The first thing that happens when we enter the planet's telesphere is that my damned hip unit warbles in my ear clip, warning me of saved messages. Of course, it's not as though I haven't checked my e-mail from the Montreal, through the microwave relays, but apparently somebody thought he had something hush-hush enough to say that he wouldn't risk his mail being forwarded to a military server.

I remember the good old days, when the recipient got to decide where her fucking e-mail went. Some of it's flagged spam, but one piece is an unnamed message that has a good-friends filter override code on it that only Gabe and a few other people have. And most of those people are dead.

It's probably a virus.

I click on it anyway.

And don't notice I've stopped breathing until I'm dizzy enough that I have to grab the back of the acceleration couch I so recently claimed as my bed. Because the broad-cheeked, black-eyed, steel-toothed face that grins at me knocks the breath out of me like a punch in the solar plexus.

Razorface.

He was in Metro Toronto when the rock hit. I know he was, because I tried to get him to go the hell home to Connecticut, and he stayed around to try to coerce some sort of cooperation out of a Unitek vice president named Alberta Holmes, who was holding Fred's leash at the time.

I can't even begin to justify the idea that he might have made it out.

And then I calm down enough to inspect the e-mail before I trigger it, and I see the date stamp. It's December 22, 2062. I have to bite my lip until I taste metal and salt and sit down and roll my head back against the rest on the acceleration couch and breathe. Long and slow and rhythmically. Breathe, Jenny. Breathe. Even though you're hurtling toward Malaysia, braking at something less than a G, and about to open an e-mail from somebody who died almost a year ago.

It's a message from the grave. From the ghost of a kid who might as well have been my own. If my own were a gangster, a killer, and a petty warlord.

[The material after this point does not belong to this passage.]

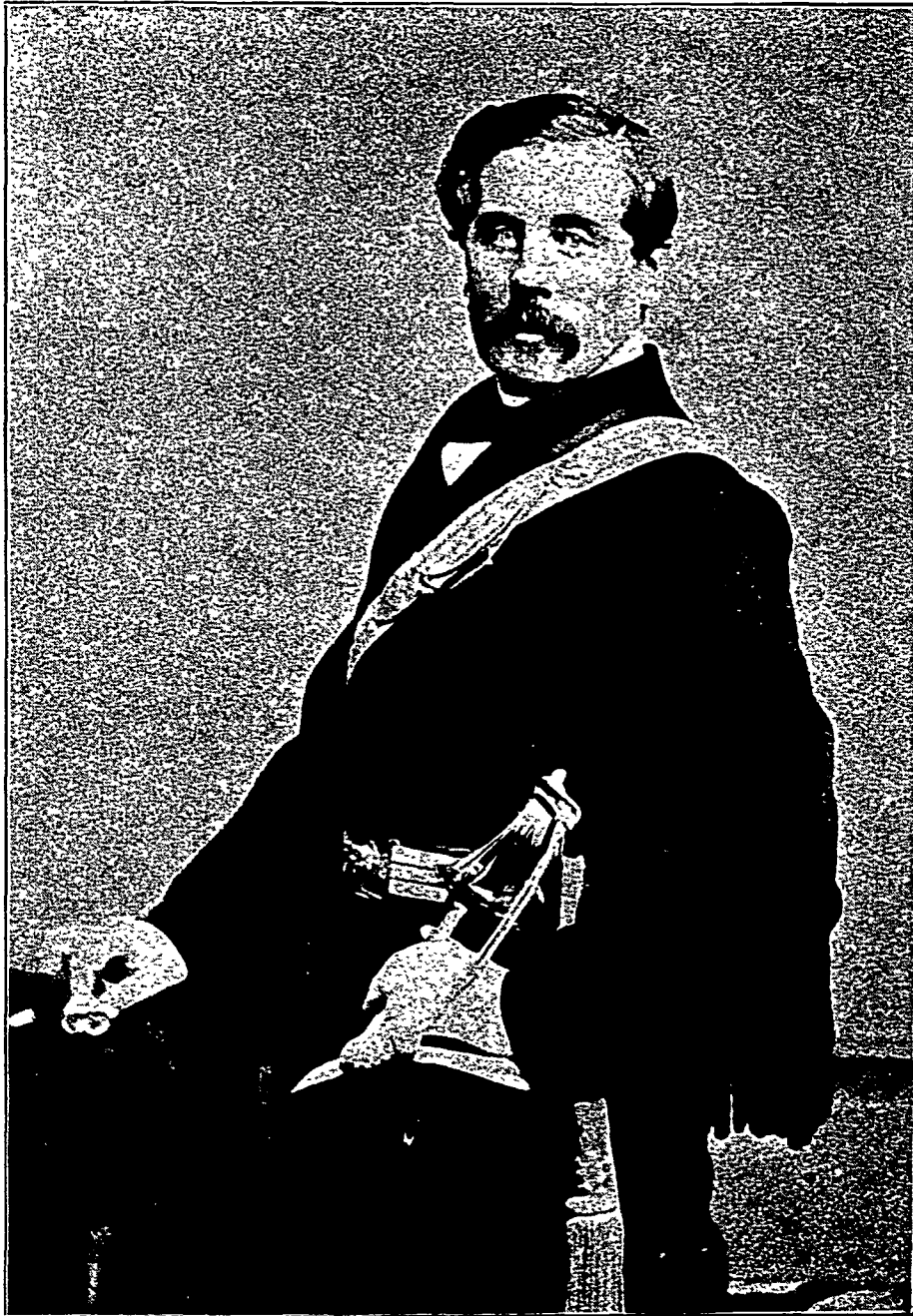
GENERAL THOMAS FRANCIS MEAGHER.

Then, my lord, I do not countenance the use of arms as immoral, nor do I conceive it to be profane to say that the King of Heaven, the Lord of Hosts, the God of Battles, bestows His benediction upon those who unsheathe the sword in the hour of a nation's peril. From that evening on which, in the valley of Bethulia, He nerved the arm of the Jewish girl to smite the drunken tyrant in his tent, down to this our day in which He blessed the insurgent

But blood's thicker than water, right? And I shed a little for Razorface. And Face shed a little for me, once upon a time.

I extricate my tongue from in between my teeth, the tweed of the capsule seat catching on the ass of my uniform pants, and I key the mail open.

And find myself staring not into Razorface's dark brown eyes while his mobile lips shape words around the sibilants that hiss between his pointed teeth, but at a series of images of documents, obviously snapped hastily, probably — judging by the distortion — through somebody's contact optic. There might be a dozen of them. I don't have time to examine them the way I'd like to, and whatever they are, they don't make a lick of sense to me, because every last one of the damned things is in Chinese or something that looks just like it.

These weren't Face's. Because as many times as I offered to teach him, Razorface never learned to read. In any language.

The images have to come from my enemy, my ally, the niece of my long-dead lover, Indigo Xu. And they've been here, lying in the Net, waiting for me. Waiting nearly a year, for me to set foot on Earth again.

Face's recorded voice calls me by a name I haven't heard in a year. “Maker,” he says. “We grabbed that Holmes chick. We're gonna hole up until we decide what to do with her. But Indigo found these on her when we grabbed her, and she says you need to see this. It's Chinese but she can't read it. She says it's coded, but I figure with the friends you got you can crack it.

“One other thing. Holmes looked like she was about to skip town when we snagged her. She had a suitcase and a wad of cash chits, a lot even for a rich bitch like her. You be careful up there, all right?” And then he grins at me, showing me all that serrated silver, and cocks his head arrogantly, cock of the walk. “You be careful up there, girl.”